Dissolved gases analysis in transformer oil using TM (Pd, Ir, Au) modified MoSSe monolayer: A DFT study

In this work, the DFT is employed to systematically investigate the adsorption and sensing mechanisms of major thermal runaway gases(CO, C2H2, and C2H4) on Pd-MoSSe, Ir-MoSSe, and Au-MoSSe monolayer. [Display omitted] •The adsorption of the three gases on TM-MoSSe (TM = Pd, Ir, Au) monolayers is chemisorption, which is more stable compared to physisorption, resulting in superior adsorption efficiency.•The introduction of transition metal (TM) doping into MoSSe monolayers significantly enhances their conductivity and gas sensitivity. Thus, for the detection of thermal runaway fault gases, TM-MoSSe (TM = Pd, Ir, Au) gas sensors are strongly supported by theoretical research for practical applications.•By comparing the transferred charge, adsorption energy, minimum adsorption distance, and recovery time of the three adsorption systems, it was found that Au-MoSSe monolayers exhibit the best adsorption and sensing performance for CO, followed by C2H4 and C2H2. Pd-MoSSe monolayers show good adsorption and sensing performance for C2H4 and C2H2, while Ir-MoSSe has good adsorption and sensing performance for C2H4 only under certain conditions, which still require further investigation. This study applied density functional theory to investigate gas-sensitive devices based on transition metal-doped MoSSe (Pd-MoSSe, Ir-MoSSe, Au-MoSSe), exploring their adsorption and sensing performance towards three characteristic gases (CO, C2H2, C2H4) generated during the use or faults of transformer oil. The results indicate that Pd, Ir, and Au transition metal atoms preferentially anchor to the S surface of the pristine MoSSe monolayer. The doped monolayers exhibit significantly improved sensing characteristics in all aspects, suggesting chemical adsorption of the three characteristic gases.
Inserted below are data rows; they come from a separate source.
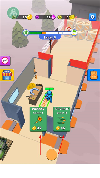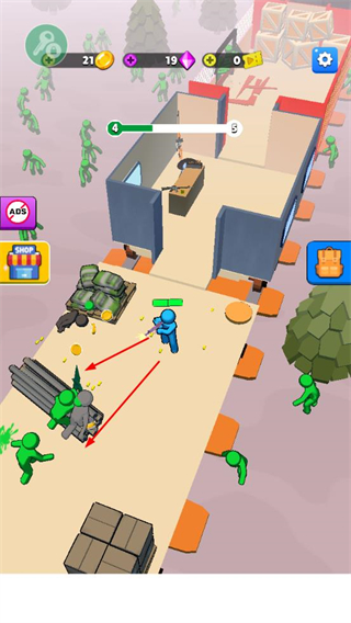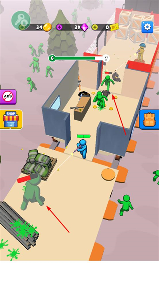 2、攻擊敵人,收集金幣資源,積累游戲財富,助力武器升級和新內(nèi)容解鎖。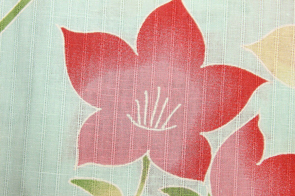 でも どこか優しい雰囲気がする 癒し系デザイン!! サイズ 着丈 : 165cm 袖丈 : 49cm 裄丈 : 68cm カラー ミントグリーン×赤・ベージュ 素材 綿85%麻15% 同梱に関してのご注意 商品写真に関してのご注意 できるだけ商品と同じ色目を出すよう努力しておりますが、表示画面等の違いから現物と色の違いが生じる場合がございます。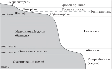 Иной тип вертикальной зональности в море. Наиболее крупными подразделениями тут являются: шельфовая зона – продолжение континентальной плиты под уровнем моря до глубин 200–600 м; материковый склон (батиаль) – от 200–600 до 3000–4000 м; ложе океана (абиссаль) – от 3000–4000 до 6000–7000 м. На это деление накладывается более дробное. Выделяется, например, приливо-отливная зона (в русской литературе – литораль, а в англоязычной – intertidal zone, поскольку под литоралью западные авторы понимают всю эвфотическую зону, примерно до 200 м). Выше приливо-отливной зоны располагается зона заплеска, увлажняемая морскими бризами (супралитораль). Эвфотическая зона обычно называется сублиторалью (не путать с супралиторалью), а шельфовая зона, расположенная глубже нижней границы эвфотической зоны, называется циркалиторалью. Если в пределах шельфа имеются впадины, характеризующиеся батиальными глубинами, эти акватории называются псевдобатиалями. На материковом склоне могут быть углубления с абиссальными глубинами – псевдоабиссаль. На океаническом ложе могут быть возвышенности с батиальными глубинами – талассобатиаль. Наконец, система желобов с глубинами до 11 000 м, особенно хорошо выраженными вдоль восточных берегов Азии, называется ультраабиссаль (у отечественных авторов), или хадаль (у западных авторов) (рис. 2).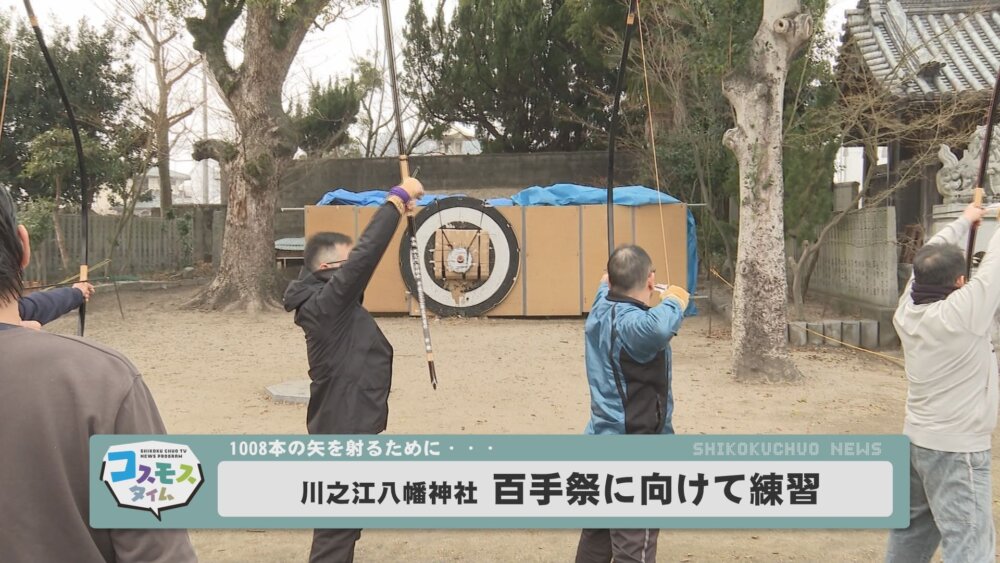 最新番組情報できたて!番組内容等ご確認ください! 川之江八幡神社 百手祭りに向けて練習 3月21日(土)17:15~ Eventぽけっと 川之江八幡神社で、百手祭りに向けた練習が行われました✨ 百手祭りは、1008本の矢を放ち、家内安全・無病息災を願う川之江八幡神社の伝統行事です🏹 川之江町内25区が毎年持ち回りで行っており、今年は農人町の担当。この日は、30人近くの人が集まり、練習に励んでいました。 場所:川之江八幡神社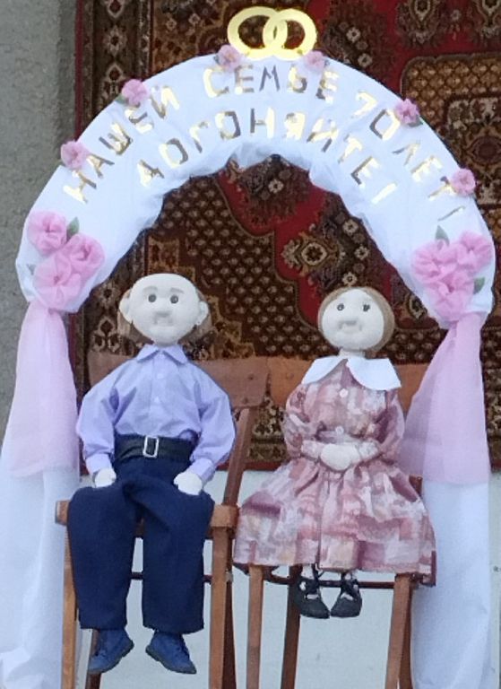 Заведующая библиотекой Наталья Чебан представила выставку книг и журналов на тему мероприятия. А Наталья Пыслараш для оформления мероприятия предоставила кукол «Жених и невеста», а также оформила фотовыставку всех юбиляров.
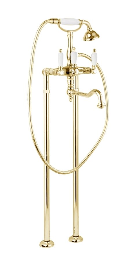 Купить Напольный смеситель для ванны с ручным душем Cezares First FIRST-VDP2-03/24-Bi золото 24 карат
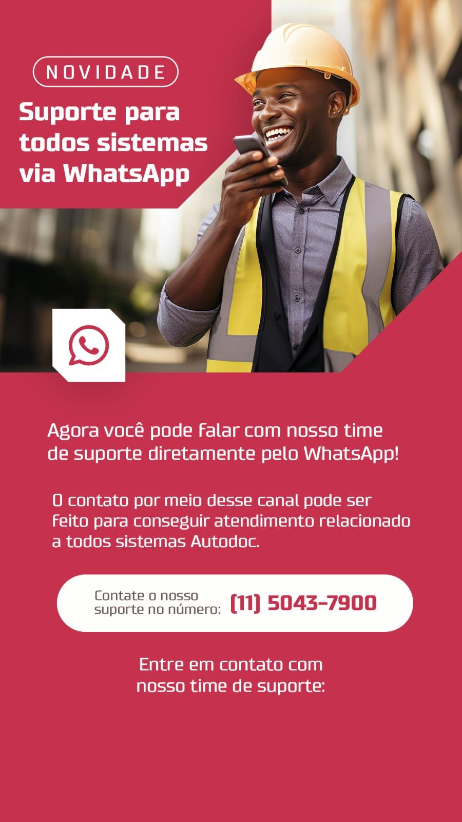 Whatsapp do Suporte! Support 3 de janeiro de 2025 15:28 Atualizado Encontrou o que procurava?Compartilhe sua opinião nos comentários abaixo e nos ajude a aprimorar ainda mais nossos artigos! 👍Sua opinião é muito importante! MicrosoftTeams-image (100).png 100 kB Baixar Artigos relacionados Acesse o Chat Online com a Assistente Virtual Aurora na Plataforma Autodoc Projetos Esqueci a senha do Projetos Web: como redefinir ou fazer o primeiro acesso Whatsapp do Suporte! Whatsapp do Suporte! Visualizar listagem dos usuários Comentários 0 comentário Por favor, entre para comentar.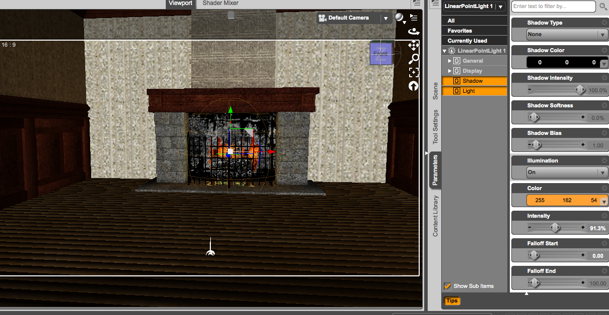 Applied the Uber arealight to the flames. Plugged the diffuse map into ambient color, same map into color, which means emitted light color. Enabled fall off, otherwise the light would spread with the same intensity infinitely. Made sure shadows are active, disabled accept shadow, as they don't need to have shadows cast onto them. Upped light intensity to 2000. Since in this case the flames are a flat plane with normals pointing outward, they only emit light in that direction, fixed that with a linear pointlight as teh screenshot illustrates. For simplicity I didn't add any other lights to this example.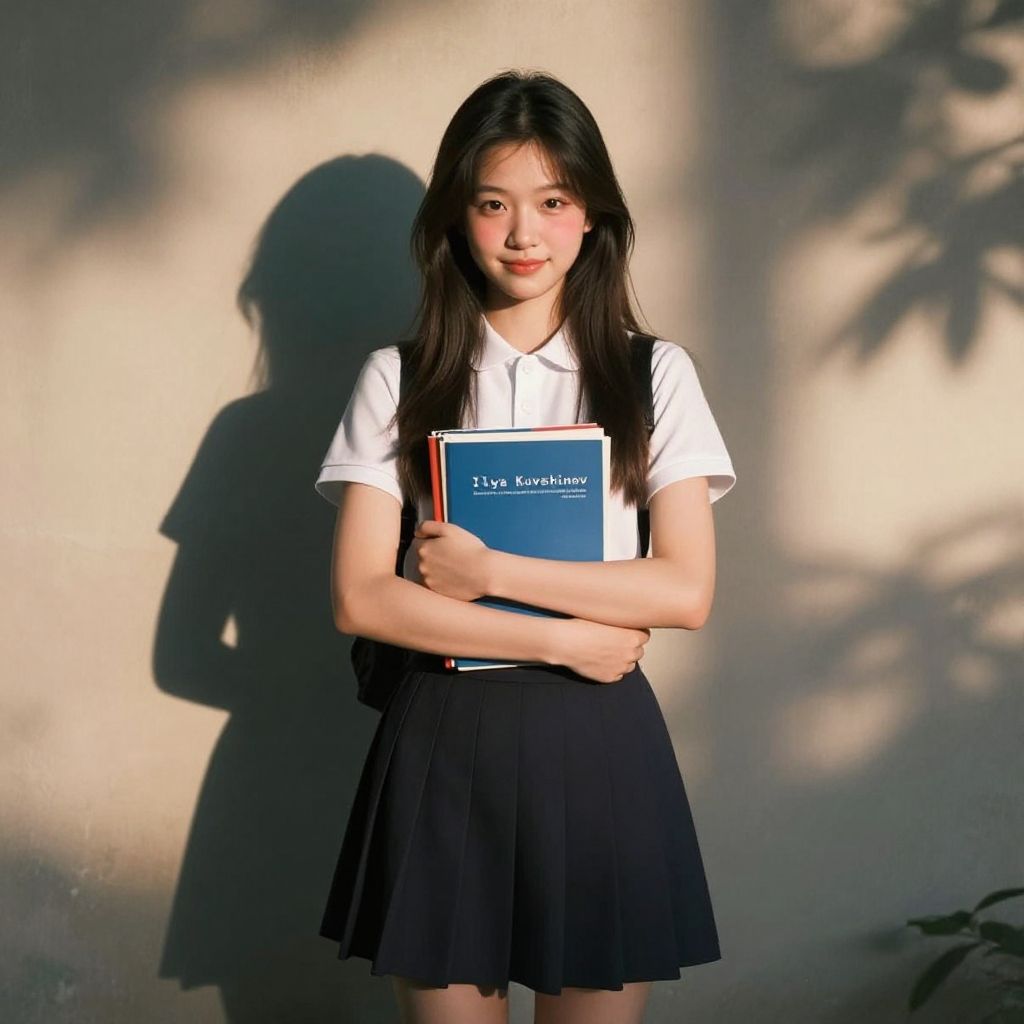 "Ilya Kuvshinov" style.Hyper-Stereotypical 90' high-school 18yogirl in educated outfit, stunning, beautiful, long hair, medium skirt, white polo shirt, super shy, super cute, blushing, looking at the viewer while holding school books with both arms.Looking at the viewer while smiling.Looking at the viewer while smiling.Looking at the viewer while smiling.Looking at the viewer while smiling.Looking at the viewer while smiling.AsianDusk.Long shadows.By "Simon Stalenhag".Life-like details.Cinematic. Dramatic. Dynamic. Extremely refined lines and and shapes.Extremely refined details on objects.Sharp details.Wide range of colors.Many details everywhere. Ray-Tracing. Anti-Aliasing. Realistic soft shadows. Low saturation colors. Insane quality. Insane resolution. Insane details. Masterpiece. 32k resolution.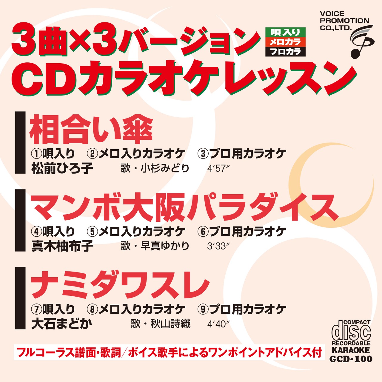 CDカラオケレッスン100、カラオケ初心者でも簡単に歌うことができる生演奏の音源を収録したカラオケCDです。専門家が作成したCDなので、自己流で歌ってしまう心配もありません。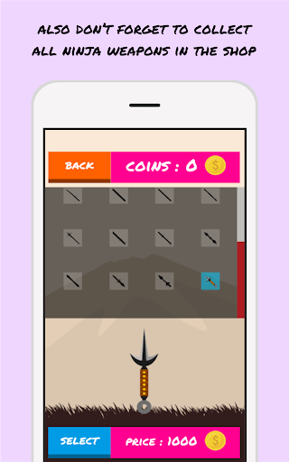 Lemparkan hingga setiap senjata ninja menancap di target. Tapi ingat, jangan sampai lemparan senjata ninja mengenai senjata yang lain yang telah tertancap di target, atau permainan akan kalah!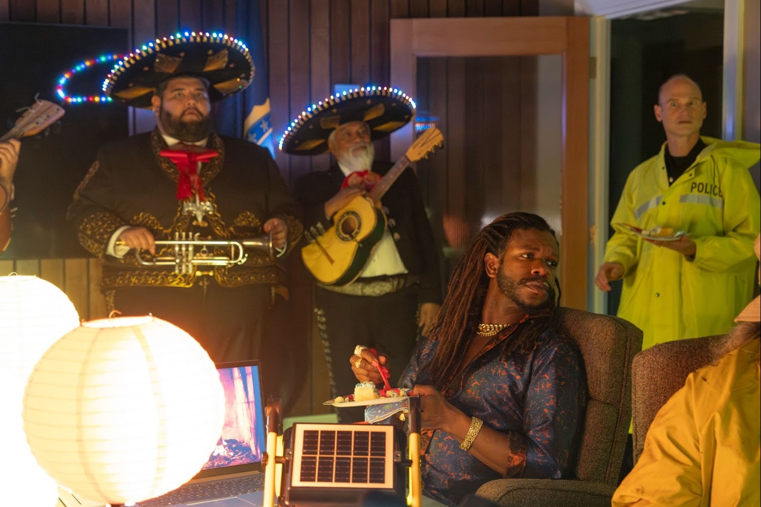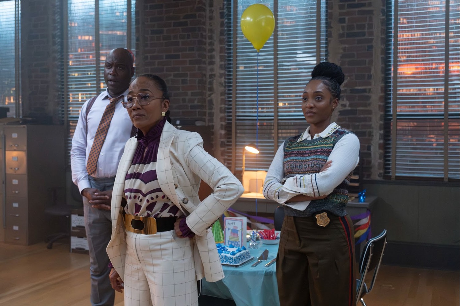 Down at the APD, Faith Mitchell (Iantha Richardson), Michael Ormewood (Jake McLaughlin), and Franklin (Kevin Daniels) have tried to decorate for Caroline’s surprise party, but Amanda is sad to see how unfestive it looks. Not even Ormewood’s mannequin, complete with night vision goggles, makes the place look good. Thankfully, Captain Heller (Todd Allen Durkin) helps a mariachi band find the party spot. Just then, a lightning strike causes the power to go out. The mariachi band clap, revealing that their hats light up. The men head off to find the emergency generator.

Through the analysis of band structures (BS), adsorption configurations, deformation charge densities (DCD), density of states (DOS), recovery time, and various adsorption parameters, the conclusion is drawn that while TM-MoSSe outperforms the pristine MoSSe monolayer in terms of adsorption and sensing performance, Pd-MoSSe and Au-MoSSe exhibit relatively good recovery times across a broader temperature range, whereas Ir-MoSSe is limited in this aspect. This study provides theoretical guidance for the potential application of transition metal-doped MoSSe monolayers as sensors for gases generated during the thermal runaway of transformer oil.